Every current forum software has the feature for members to delete themselves with or without posts and with anonymised posts, and has done so for at least the past 5-6 years. It's no problem.

 

[Nic]

I left Critters a long time ago, but it's been around for decades and one of the best critiquing groups on the Internet.

Well, if a critique forum doesn't respect copyright it can't be among the best, it won't even be just adequately "good". The very first thing I'd expect anyone working with my texts to respect is my right to decide what happens to them. That includes what happens to them behind a password wall or in a database accessible only be members or administrators.

 

[Speaker-To-Animals]

So long as the user can remove their posts, or a mod can remove the post upon request, then there shouldn't be an issue. Our mods here at KB delete and edit posts all the time!

What my post that you quoted or yours that I've just quoted. Does that apply? And I don't know of any software that will do that. If for no other reason that plenty of times someone quotes without attribution.

In terms of Critters, I also wonder if they're using software that was modded a long time ago and they just don't have the money or skills to adjust.

 

[KelliWolfe]

So long as the user can remove their posts, or a mod can remove the post upon request, then there shouldn't be an issue. Our mods here at KB delete and edit posts all the time!

I think the real problem is stuff that goes on "behind the scenes." Sites like FB, Twitter, and even Google collect enormous amounts of data about users without their knowledge. And then you have sites that sell access to their users without those users knowing.

I guess I am not overreacting because I have a lot of practical knowledge dealing with government agencies. Not in the EU, but I'm worked through audits from the DOT, FAA, FDA, OSHA, and other federal and state agencies. The regulations are always written in the most convoluted manner, but the realities of enforcement typically tend to be "Are you making a good faith effort to comply?" What I have learned from dozens of audits over the years is that investigators want to see you are making a good faith effort. They will dig their fangs in and not let go if they think you are actively attempting to skirt the law, and they will bring down the hammer if they think you are willfully engaging in behaviors designed to circumvent the law, but mostly they just want to see you acting in a principled manner.

Are you willing to gamble 20 million Euros on that?
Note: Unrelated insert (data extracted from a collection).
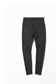
ランニングロングタイツ (レディース) 1,999 円 (税込)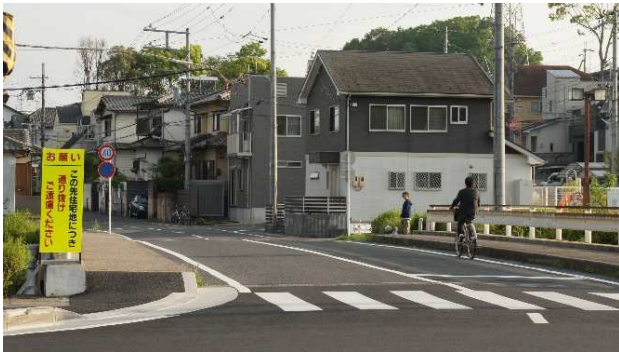
衣川台北進入路、明神橋：お願い看板

3月18日、自治会総会の後、県道仰木本堅田線整備工事の終了が近いことから、日曜日にも関わらず大津市職員の方から簡単な説明がありました。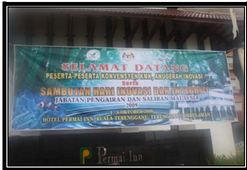
Banner yang dipasang sepanjang majlis berlangsung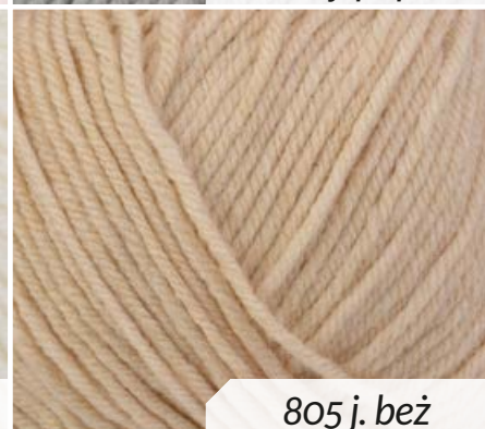
805 j. beż

Włóczka La Passion Daisy 50 g – 171 m: 70% mikrofibra, 30% poliamid

Especially when Europe is crawling with ambulance chasers whose sole purpose in life is to take advantage of laws like this to extort payments from businesses over claimed violations?

You have to remember that it isn't just the forum software these people have to worry about. When you go onto a website the server collects data about you as well. You've got server logs, cookies, and potentially other logs collected at different levels depending on what plugins you have for IIS/Apache. ALL of that is included in this law, because your IP address and the information associated with it is considered part of that personal information because it can be used to identify you. The site operators have to be able to show that to the user ON DEMAND and delete it if required. This includes purging from backups, etc. Most systems, especially older ones, don't have any easy way to do any of that. It would all have to be compiled and changed manually, or else you'd have to write or buy software to do it. And getting rid of it from your backups? When I was an admin, we'd have backups going back YEARS in some cases for legal reasons.
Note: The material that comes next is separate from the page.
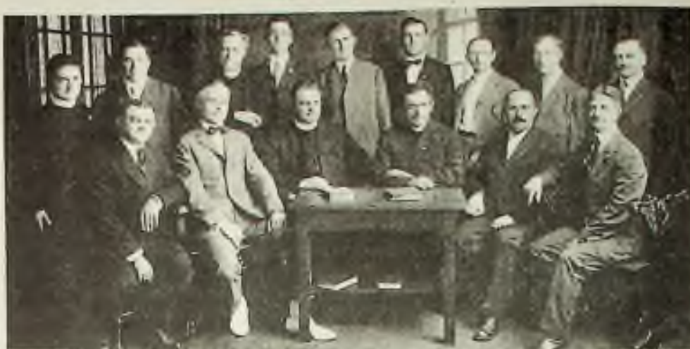
První výkonný výbor Národního svazu českých katolíků 1917 – 1918.

Po druhé světové válce 3.září 1946 opatství sv.Prokopa v Lisle, Illinois vyslalo misi svých řeholníků, členů Národního svazu českých katolíků do starobylého benediktinského kláštera v Broumově na pomoc při jeho obnově. NSČK od začátku pomáhal budovat římské Nepomucenum, seminář našich bohoslovců, a dodnes členové s příznivci Svazu svými velkodušnými dary pomáhají udržovat jeho plynulý chod.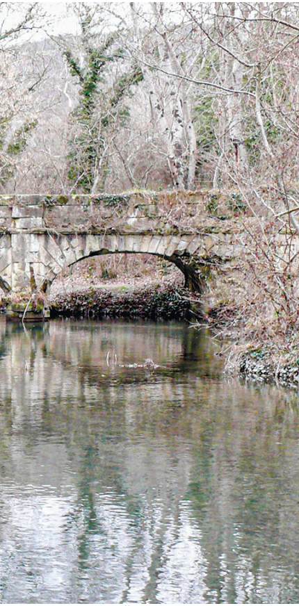
Реку Чёрную в Севастополе пересекает массивный каменный мост. Это акведук: 170 лет назад по нему текла вода, направляясь в доки адмиралтейства.

For businesses like Google and Facebook which exist to collect data they do have all of that information in one place and it isn't particularly onerous for them to get it in front of the user, and they're running in-house software that they constantly modify anyway so it isn't a huge deal for them to add in an interface to allow users to modify or even delete it. Smaller web sites simply don't do that kind of thing, though, and the older the software they're running, the more difficult it is to make changes without breaking things.